How We Used Datadog to Save $17.5 Million Annually | Datadog

How we used Datadog to save $17.5 million annually

Author Bowen Chen
Author Felix Geisendörfer

Published: 9月 27, 2024

Like most organizations, we are always trying to be as efficient as possible in our usage of our cloud resources. To help accomplish this, we encourage individual engineering teams at Datadog to look for opportunities to optimize. They can share their performance wins, big or small, in an internal Slack channel along with visualizations and, often, calculations of the resulting annual cost savings. There, these efforts can be seen and recognized by others, including our CEO and CTO, who regularly chime in and comment on performance wins.

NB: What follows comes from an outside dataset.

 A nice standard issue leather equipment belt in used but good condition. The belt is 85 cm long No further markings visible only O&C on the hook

At one point an engineer noted that, over the preceding two months, the shared wins added up to $17,500,000 saved annually on our cloud spend. In this post, we’ll look at how our engineering teams achieved this. Specifically, we’ll walk through how we foster an internal engineering culture that builds products that are both excellent and efficient, and how we rely on our own products—including Cloud Cost Management, Continuous Profiler, and Network Performance Monitoring—to track both performance improvements and cost savings so that everyone can see the impact their work has.

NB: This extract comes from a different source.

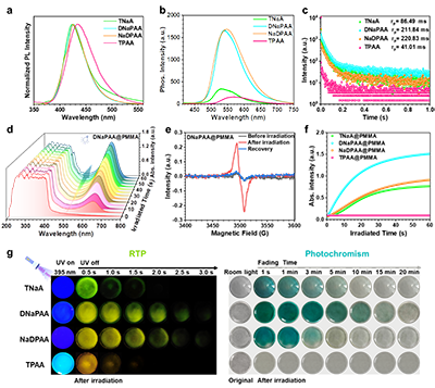 该团队设计并合成了四种三芳胺衍生物(TNaA、DNaPAA、NaDPAA、TPAA),分别引入不同数量的萘和菲取代基,并将其掺杂于聚甲基丙烯酸甲酯 (PMMA) 基质中构建主客体体系。实验结果显示,具有不对称分子结构的DNaPAA和NaDPAA在PMMA薄膜中表现出更长的室温磷光寿命 (分别达211.84 ms和220.83 ms) 和更显著的光致变色效应,薄膜由无色迅速转变为蓝绿色,其吸收波长在395 nm紫外光照射下可红移约230 nm,吸收强度最高可接近中性态水平。电子顺磁共振波谱证实,光生阳离子自由基是光致变色效应的直接来源。

Datadog’s performance wins culture

In total, there were 15 performance optimizations that accounted for the \$ 17.5 million in annual savings (plotted below), with the lowest optimization yielding \$ 80,000 in annual cost savings and the highest optimization yielding \$ 4.3 million.

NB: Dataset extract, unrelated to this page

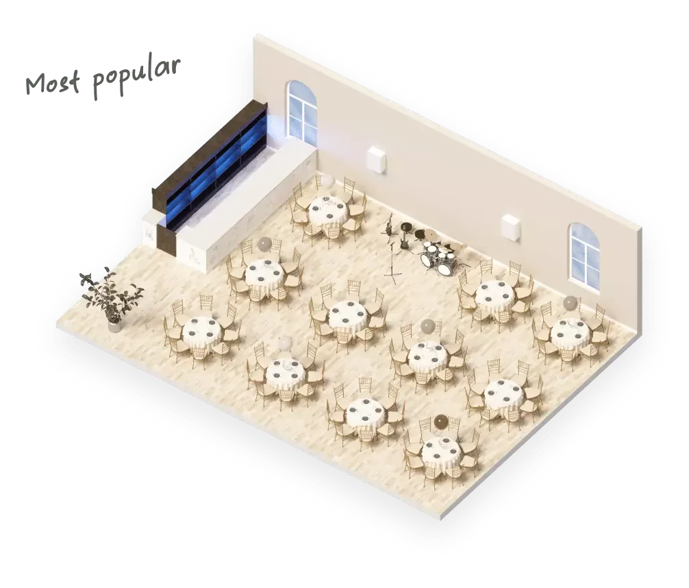 Events for 80-180 people including; weddings, conferences, office Christmas parties, birthday celebrations, concert performances, anniversaries, and more.

15 optimizations recorded over a 2 month period saved us over $17.5 million annuallly.

Optimization efforts can come from many different places, including company- or team-wide initiatives or simply individual engineers seeing an opportunity to improve their systems. While the end goal is to maximize cost savings, the work put into our optimization involves tackling engineering problems and finding ways to improve performance at scale, and it’s important that we celebrate that work. Even the smallest improvements help drive and maintain our culture of performance optimization at Datadog. Many contributors cited other engineers’ performance wins as motivation and would often follow suit by sharing their own projects when completed.

While motivation and culture are driving factors for systemic improvement, engineers still need access to the proper tools to assist them in troubleshooting and monitoring their optimizations. In the following sections, we’ll discuss how CCM, Continuous Profiler, and NPM assist us in our investigations.

Visualize cloud spend with Cloud Cost Management

In order to establish a culture around cost optimization, it’s critical for engineers to have access to cloud cost data for two main reasons.

The first is to help estimate the cost savings of different optimization opportunities. Engineers come across inefficiencies every day—however, they have a limited bandwidth of work that they’re able to take on. Access to cloud cost data enables engineers to contextualize the cost savings of one optimization relative to its estimated time to completion as well as the cost savings of other potential optimizations.

Secondly, cloud cost data is essential because it enables an engineer to observe the impact of their optimization after it’s been shipped. Not all optimizations succeed, and cloud cost visibility helps engineers hold themselves accountable to the real impact they are delivering.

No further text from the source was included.